According to the standard story that they told us in school biology classes, we have two kinds of vision cells in the retina (the light-sensitive layer at the back of our eyeballs): rods give us the black-and-white vision that we use at night, and the cones give us colour that we use by day. The conventional wisdom is that there are three kinds of cones, each sensitive to a slightly different wavelength of light.

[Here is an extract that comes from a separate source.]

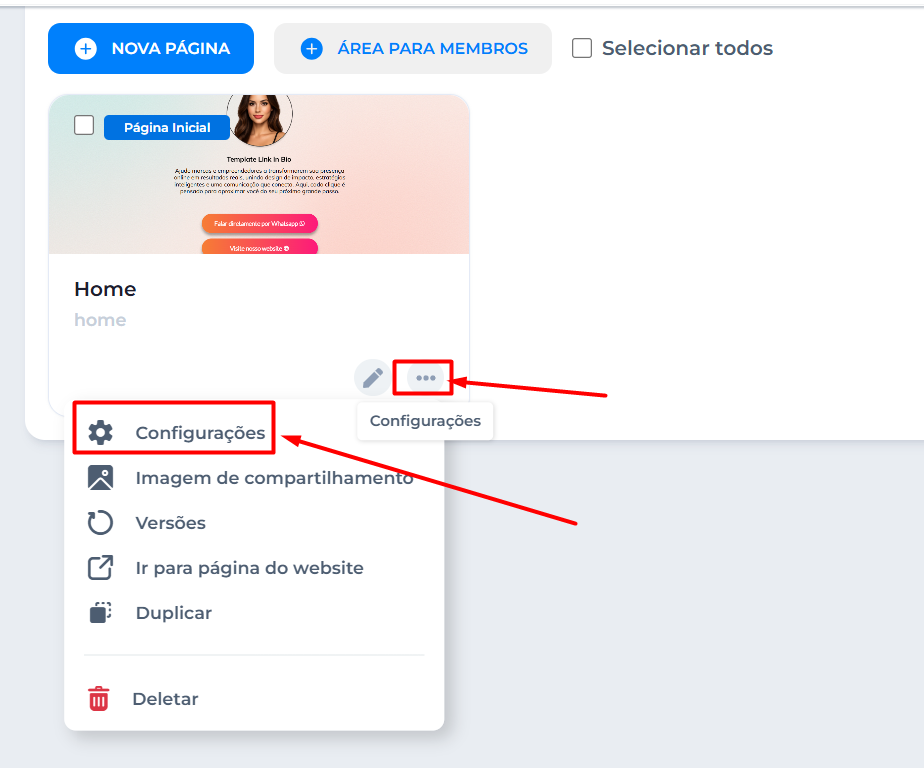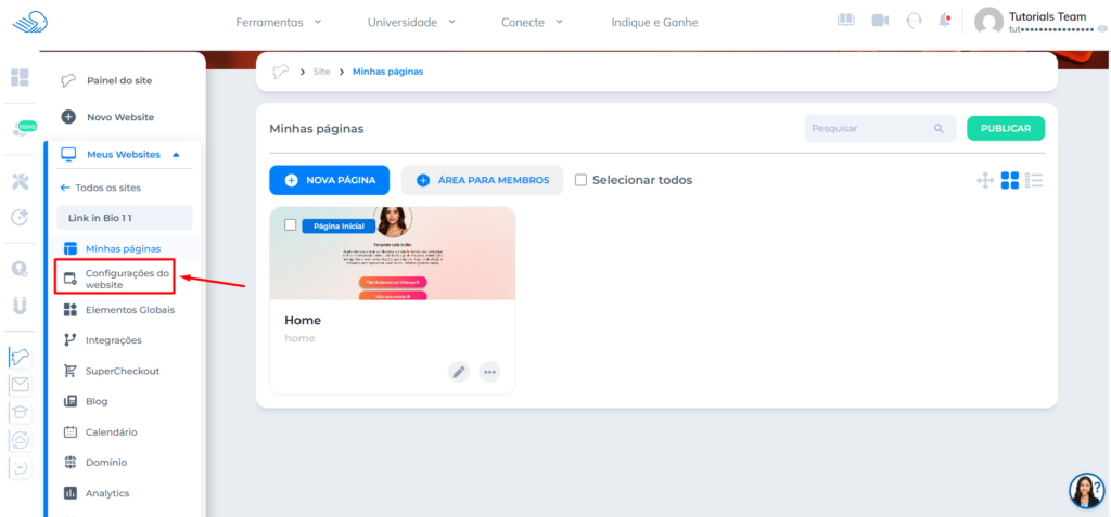 Para configurar a metatag de redirecionamento é necessário que o dominio esteja conectado em um website, pode ser um template em branco, pois isto será apenas para que possa ter acesso as configurações de script do site.

These are red, blue and green, just as they are in the screen of your TV. We perceive the colours of the rainbow by the way the intensities of these three colours mix.

Now, the genes for two of these colours (the red–green dimension) are on the X chromosome, and those for blue are elsewhere, on chromosome seven. And this explains why men – but only very rarely women – are sometimes colour-blind and why this is usually red-blindness and almost never blue-blindness. Men only have one X chromosome (inherited from their mother), and if that chromosome is a bit dodgy, they don’t have a back-up for any of the genes that are on it. Since women have two X chromosomes (one inherited from each parent), they always have a back-up in case of emergencies.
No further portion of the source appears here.